(Description of the task):
Please set down the data again exactly, minus the pictures.
:: Dataset excerpt
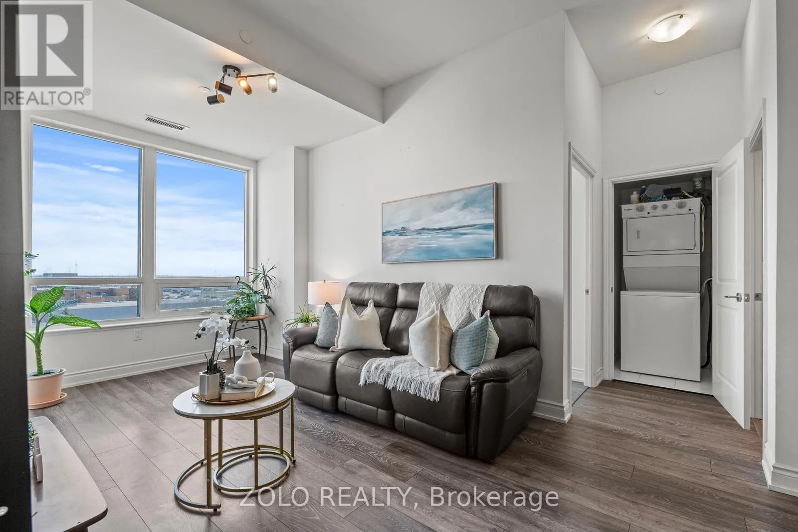 Welcome to Art on Main – one of Milton’s most sought-after boutique condo buildings by Fernbrook Homes. This beautifully appointed 2-bedroom + den suite offers 920+ sq ft of thoughtfully designed living space with soaring 10-ft ceilings and a bright open-concept layout that immediately impresses. Perched on the 6th floor with south-east exposure, enjoy views overlooking Lions Sports Park and
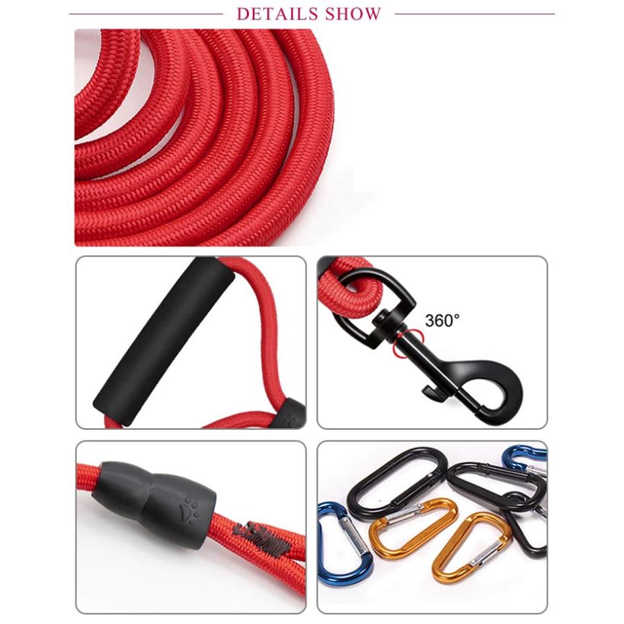小中型犬用!多機能!絡みにくい丸ロープリード。 太さが8mmもある登山用にも使われるロープを使用した軽くて頑丈な犬用リードです!小型犬はもちろん中型犬でも安心。 持ち手部分には専用の柔らかくて滑りにくいカバーを採用しソフトなハンドルとなっています。力の強いわんちゃんに引っ張られても飼い主の手への負担を軽減してくれます。 機能性アップのロングリードで広場やレジャーでいっぱい遊べましょう! | |
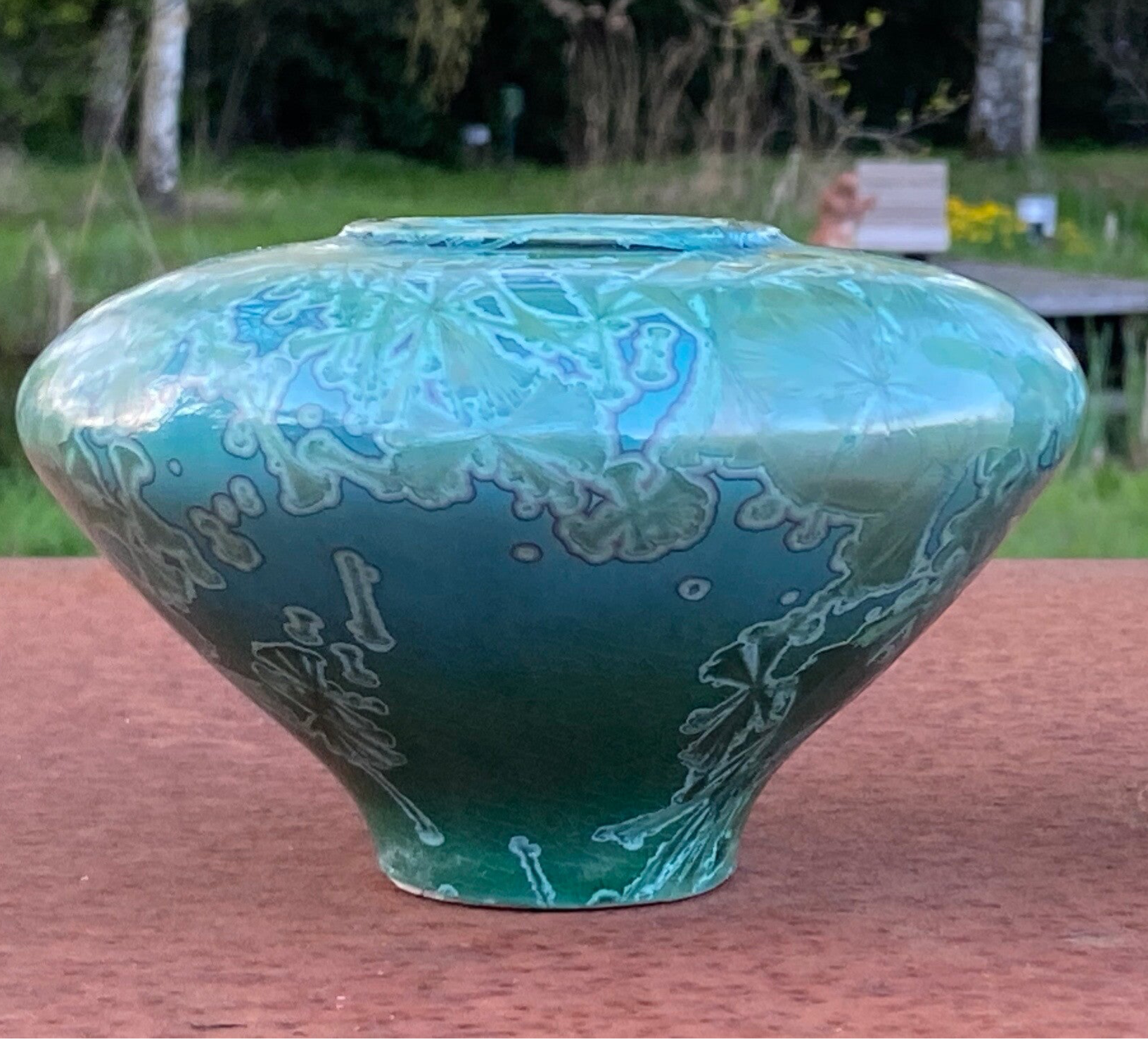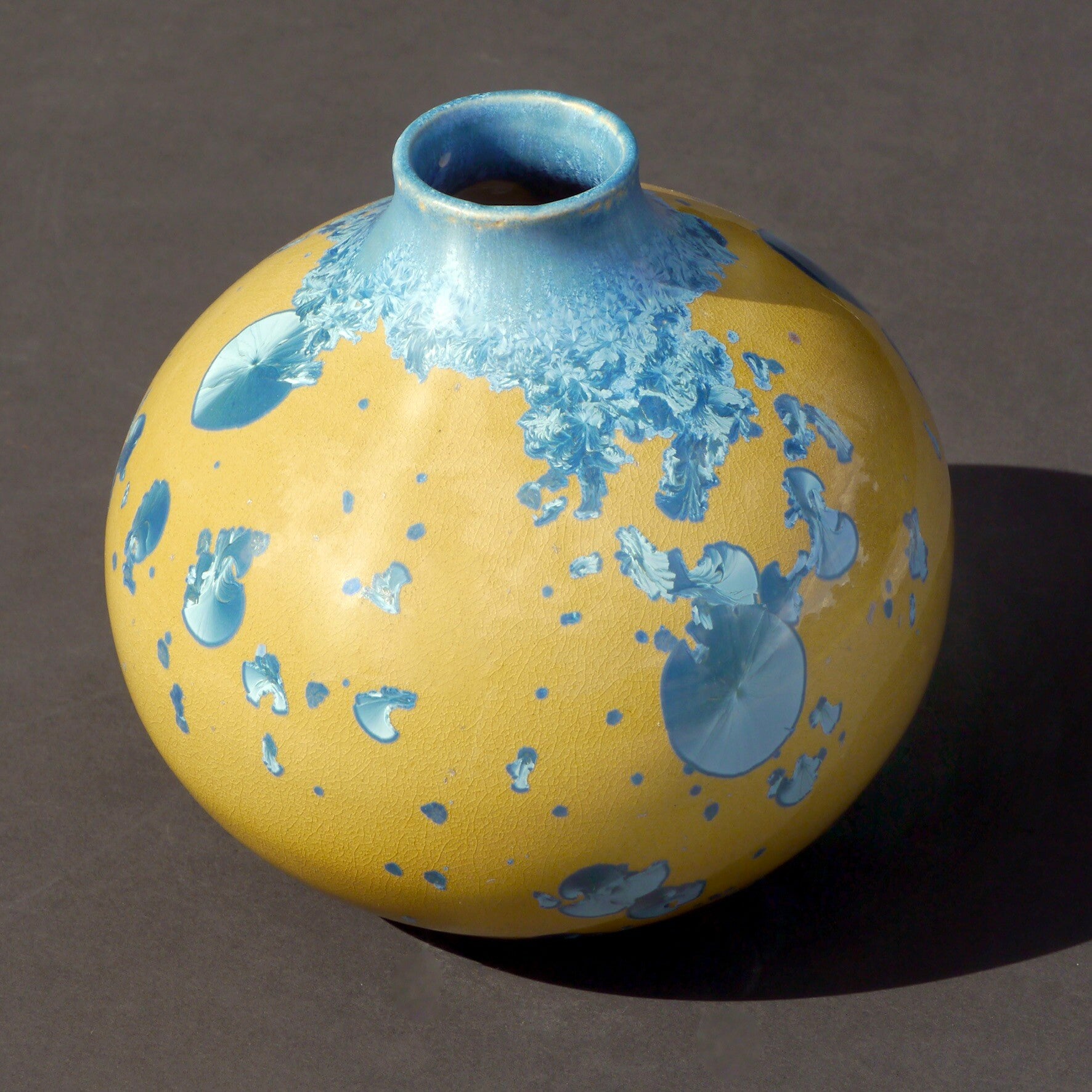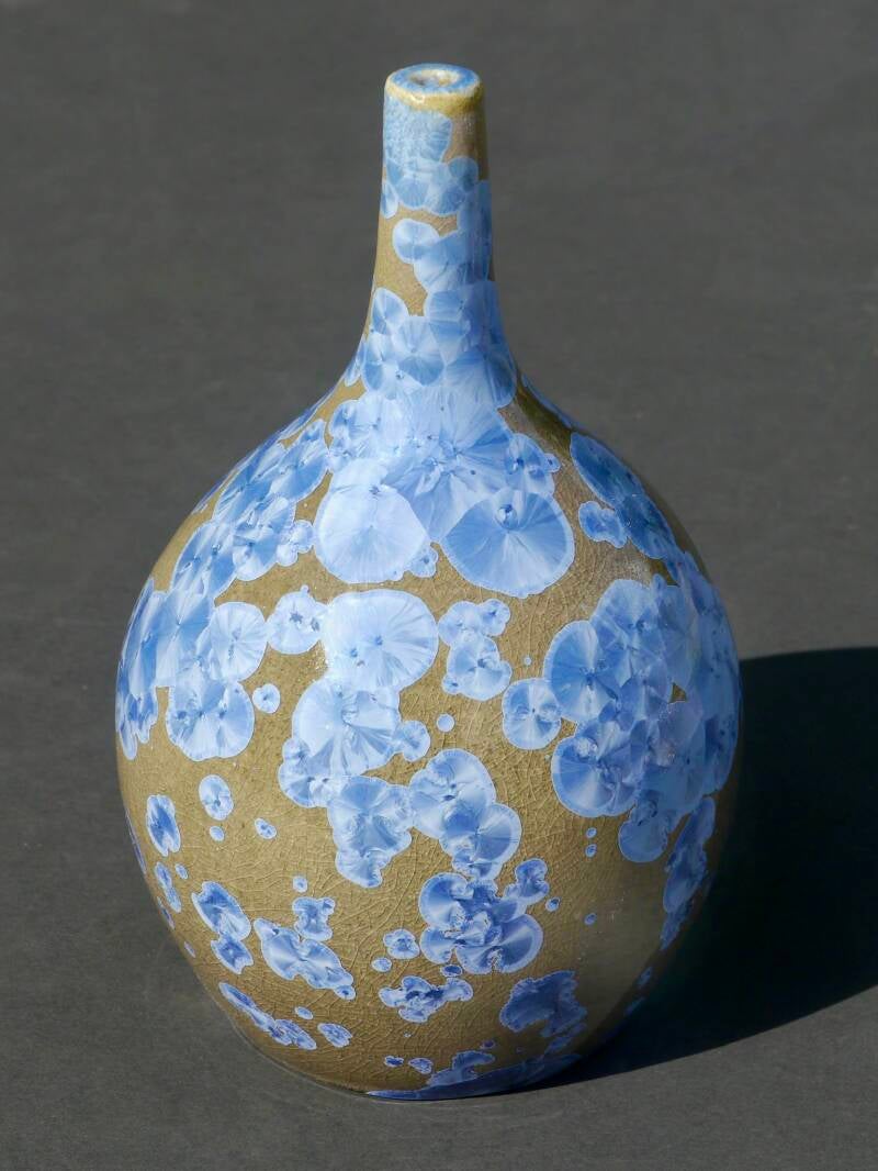 Kristalglazuren zijn een verhaal apart binnen de boeiende wereld van de glazuren. Ze bieden een uitdaging die ik onbevangen ben aangegaan en waarin nog ontzettend veel te ontdekken en te leren valt. In de serie Anthomaren heb ik gebruikt gemaakt van deze speciale glazuurtechniek. Op deze pagina zijn een aantal werken te zien met kristalglazuren. Hierbij heb ik de elektrische oven gebruikt, dus oxidatiebrand.
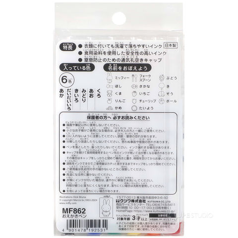 おえかきペン ミッフィー miffy ペン マーカー 水性 お絵かき 文具 子ども 子供 キッズ 幼児 キャラクター 日本製 水で落とせる 幼稚園 保育園 クツワ 6色入りスペック
::::
(Exercise answer):
 Welcome to Art on Main – one of Milton’s most sought-after boutique condo buildings by Fernbrook Homes. This beautifully appointed 2-bedroom + den suite offers 920+ sq ft of thoughtfully designed living space with soaring 10-ft ceilings and a bright open-concept layout that immediately impresses. Perched on the 6th floor with south-east exposure, enjoy views overlooking Lions Sports Park and
小中型犬用!多機能!絡みにくい丸ロープリード。 太さが8mmもある登山用にも使われるロープを使用した軽くて頑丈な犬用リードです!小型犬はもちろん中型犬でも安心。 持ち手部分には専用の柔らかくて滑りにくいカバーを採用しソフトなハンドルとなっています。力の強いわんちゃんに引っ張られても飼い主の手への負担を軽減してくれます。 機能性アップのロングリードで広場やレジャーでいっぱい遊べましょう! | |
 Kristalglazuren zijn een verhaal apart binnen de boeiende wereld van de glazuren. Ze bieden een uitdaging die ik onbevangen ben aangegaan en waarin nog ontzettend veel te ontdekken en te leren valt. In de serie Anthomaren heb ik gebruikt gemaakt van deze speciale glazuurtechniek. Op deze pagina zijn een aantal werken te zien met kristalglazuren. Hierbij heb ik de elektrische oven gebruikt, dus oxidatiebrand.
 おえかきペン ミッフィー miffy ペン マーカー 水性 お絵かき 文具 子ども 子供 キッズ 幼児 キャラクター 日本製 水で落とせる 幼稚園 保育園 クツワ 6色入りスペック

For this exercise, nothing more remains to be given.